SUPPLIED MATERIAL:

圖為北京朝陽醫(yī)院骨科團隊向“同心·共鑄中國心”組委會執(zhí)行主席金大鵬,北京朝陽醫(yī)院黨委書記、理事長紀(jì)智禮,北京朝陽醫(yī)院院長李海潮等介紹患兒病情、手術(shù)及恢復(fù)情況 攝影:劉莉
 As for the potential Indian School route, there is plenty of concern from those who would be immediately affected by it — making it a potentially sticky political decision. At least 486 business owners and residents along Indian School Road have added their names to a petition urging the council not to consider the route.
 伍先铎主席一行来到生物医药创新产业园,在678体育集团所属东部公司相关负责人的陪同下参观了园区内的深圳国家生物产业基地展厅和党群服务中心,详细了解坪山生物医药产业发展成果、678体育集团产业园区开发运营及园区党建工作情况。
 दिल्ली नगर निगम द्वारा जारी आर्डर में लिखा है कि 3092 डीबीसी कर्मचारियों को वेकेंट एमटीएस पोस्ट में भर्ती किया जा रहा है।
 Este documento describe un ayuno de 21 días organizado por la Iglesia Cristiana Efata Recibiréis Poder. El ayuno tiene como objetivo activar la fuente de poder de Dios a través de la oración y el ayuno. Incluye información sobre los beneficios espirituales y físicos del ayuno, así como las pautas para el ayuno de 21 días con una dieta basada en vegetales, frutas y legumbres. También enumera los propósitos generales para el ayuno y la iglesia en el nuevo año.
==
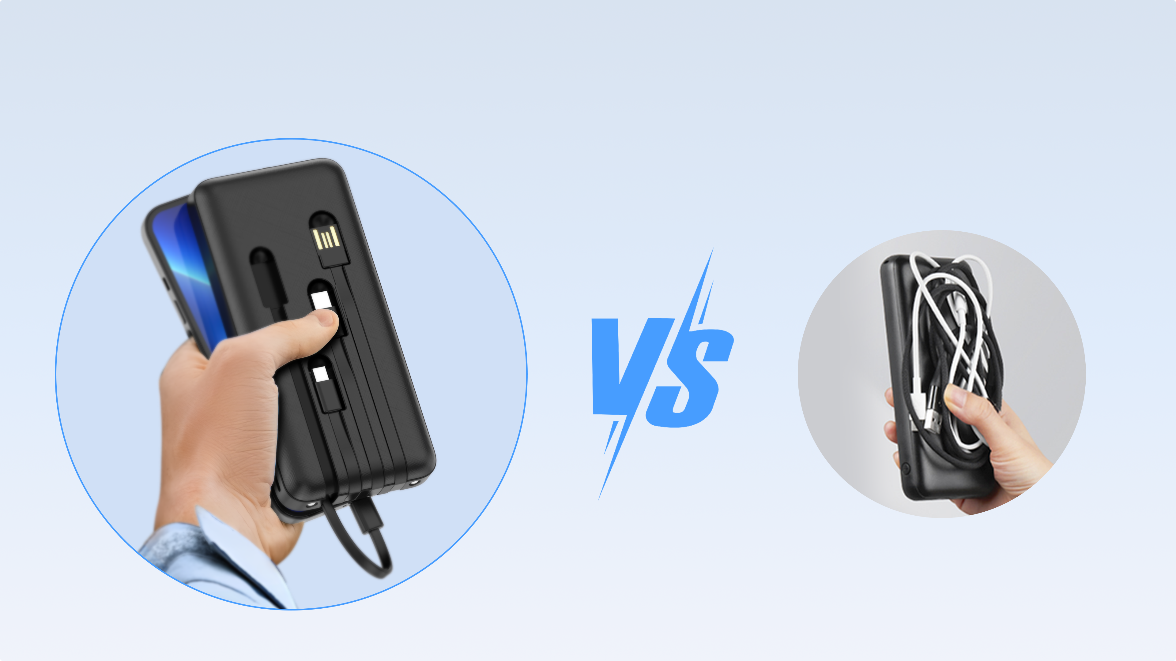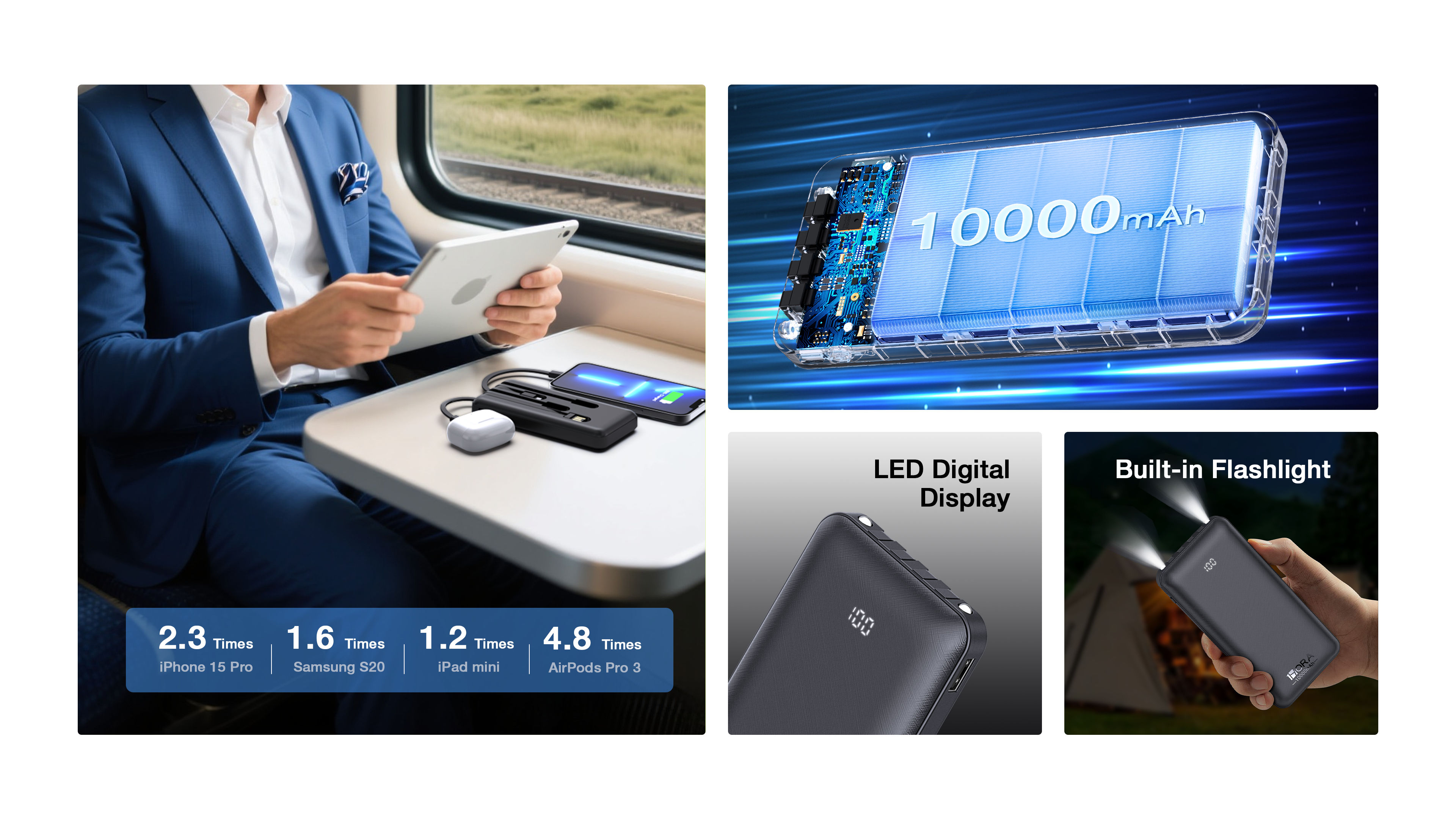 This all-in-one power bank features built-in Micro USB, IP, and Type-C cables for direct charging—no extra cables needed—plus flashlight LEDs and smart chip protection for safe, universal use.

PROBLEM DESCRIPTION:
The lines above starting at the one that contains "As for the potential" and ending at the one that contains "Este documento describe" must be transcribed exactly, and no other lines may appear.

OUTPUT OF THE TASK:
 As for the potential Indian School route, there is plenty of concern from those who would be immediately affected by it — making it a potentially sticky political decision. At least 486 business owners and residents along Indian School Road have added their names to a petition urging the council not to consider the route.
 伍先铎主席一行来到生物医药创新产业园,在678体育集团所属东部公司相关负责人的陪同下参观了园区内的深圳国家生物产业基地展厅和党群服务中心,详细了解坪山生物医药产业发展成果、678体育集团产业园区开发运营及园区党建工作情况。
 दिल्ली नगर निगम द्वारा जारी आर्डर में लिखा है कि 3092 डीबीसी कर्मचारियों को वेकेंट एमटीएस पोस्ट में भर्ती किया जा रहा है।
 Este documento describe un ayuno de 21 días organizado por la Iglesia Cristiana Efata Recibiréis Poder. El ayuno tiene como objetivo activar la fuente de poder de Dios a través de la oración y el ayuno. Incluye información sobre los beneficios espirituales y físicos del ayuno, así como las pautas para el ayuno de 21 días con una dieta basada en vegetales, frutas y legumbres. También enumera los propósitos generales para el ayuno y la iglesia en el nuevo año.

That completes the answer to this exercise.